- Born: Linda Reid 1971 (age 54–55) East Kilbride, Scotland
- Genres: Shoegaze, Indie rock, Alternative rock
- Occupation: Singer-songwriter
- Instrument: Vocals
- Years active: 1983–present
- Labels: P-Vine; Chemikal Underground;
- Website: www.sistervanilla.com

= Sister Vanilla =

Linda Reid (born 1971), better known by her stage name Sister Vanilla, is a Scottish singer-songwriter. She is the younger sister of The Jesus and Mary Chain core members, Jim and William Reid.

==Biography==
Linda was born in 1971 in East Kilbride, Scotland.

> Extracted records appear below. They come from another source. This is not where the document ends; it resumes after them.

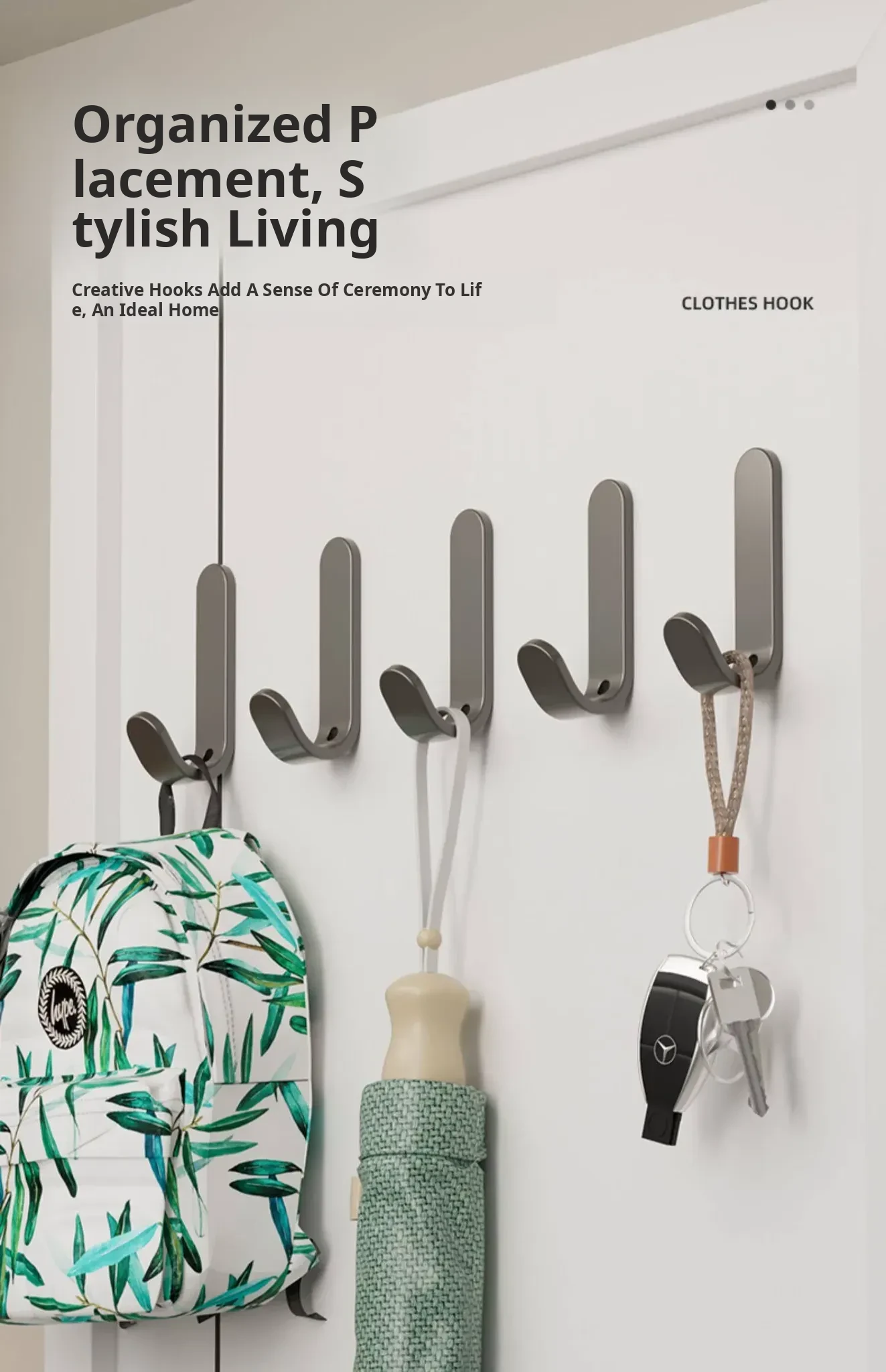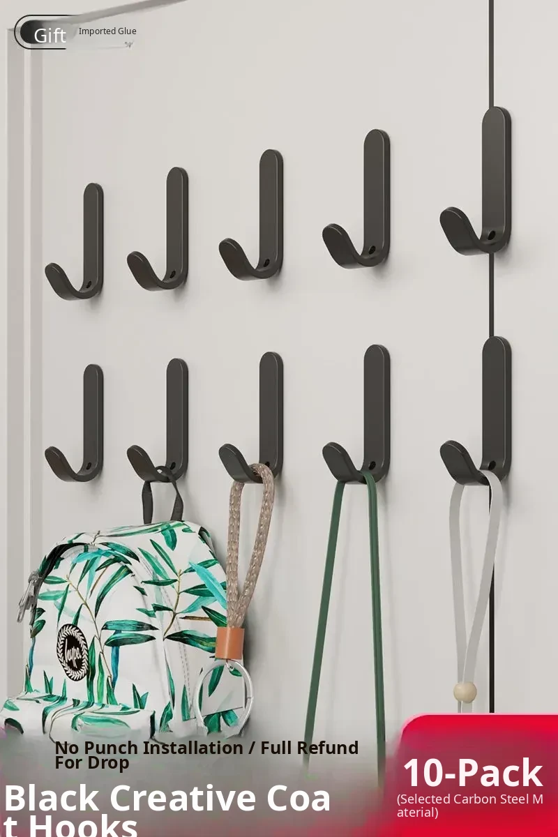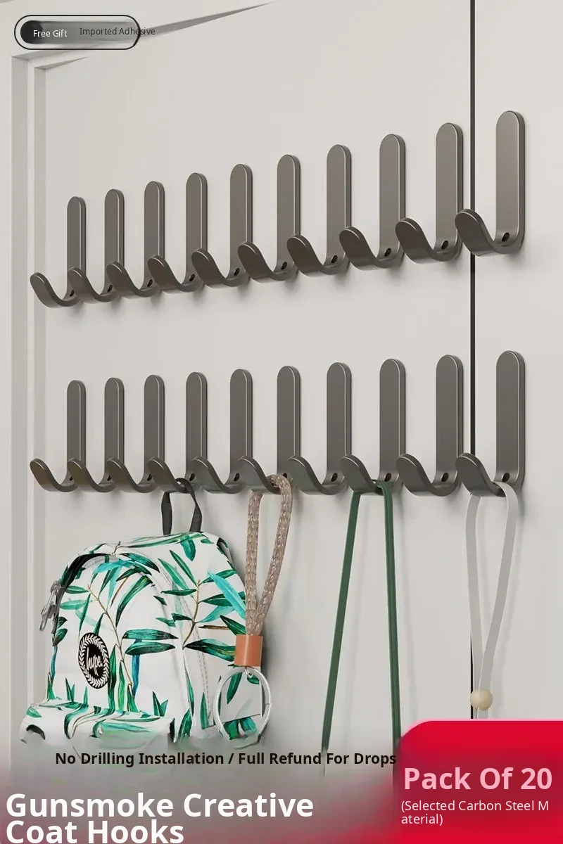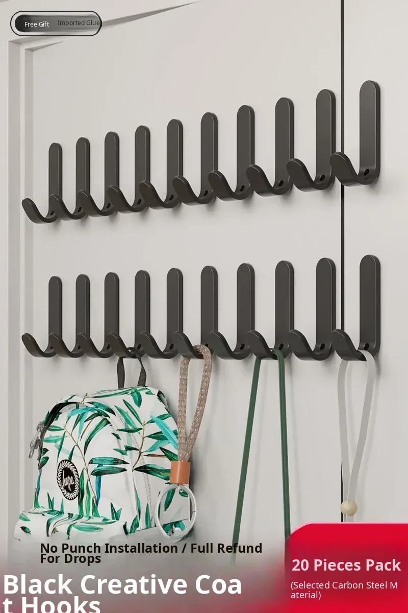 Heavy-Duty No-Drill Adhesive Hooks for Wall & Door - Strong Coat and Hat Rack for Easy Storage and Organization - Perfect for Hanging Clothes, Bags, and Accessories
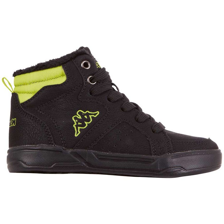 Children's shoes Kappa Grafton 260826t 1133 - black, insulated, high - perfect for cooler days. Made of durable synthetic materials, they combine a classic look with sports comfort. Thanks to the high upper and a soft, synthetic fur lining, they provide heat and comfort, and a practical side lock makes it easier to dress quickly. The foam insert and a rubber sole with the EVA insert cushion the steps and improve comfort during everyday games and urban wandering.
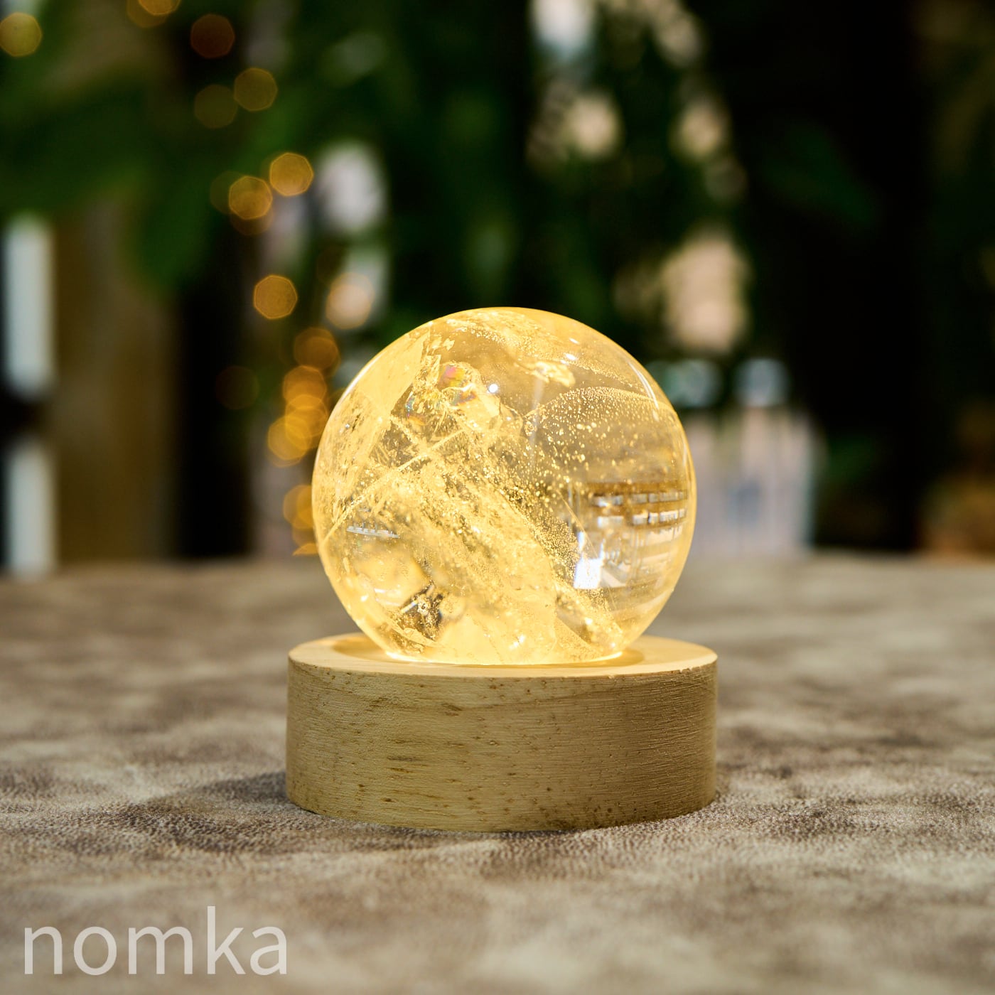 【古代の叡智を灯す、光の守護石】レムリアンシードクリスタル 46mmスフィア(LEDライト台座セット) nsp-0002

Despite being only a schoolgirl during the early breakthrough of her brothers' band The Jesus and Mary Chain in mid-1980s, she eventually became a vocalist, contributing to the track "Moe Tucker" on the band's album Munki in 1998. She also accompanied the band while touring for the record. Following the band's demise less than a year later, Jim and William proposed recording an album with her. The sessions took place over the next several years, with the album being partly home recorded at Linda's flat and partly recorded at Reid brothers' studio, The Drugstore. The Reid siblings were joined by Stephen Pastel of the Pastels and former The Jesus and Mary Chain guitarist Ben Lurie.

Linda debuted her album, Little Pop Rock in 2005 through Japanese P-Vine record label. It was released under the alias "Sister Vanilla", which was a nickname given to her by her brothers during their childhood. Embraced by critics and fans as "a pop-wise, slightly sunnier variation on the band's signature sound", the record was reissued by Scottish Chemikal Underground label in 2007.

==Discography==
- Studio albums
- Little Pop Rock (2005)

- Singles
- "Song for a Secret" / "Can't Stop the Rock" (with Jim Reid, 2005)
- "Can't Stop the Rock" (2007)

- Guest appearances
- The Jesus and Mary Chain — Munki (1998)
- Lazycame — Finbegin (2001)
- The Jesus and Mary Chain — Damage and Joy (2017)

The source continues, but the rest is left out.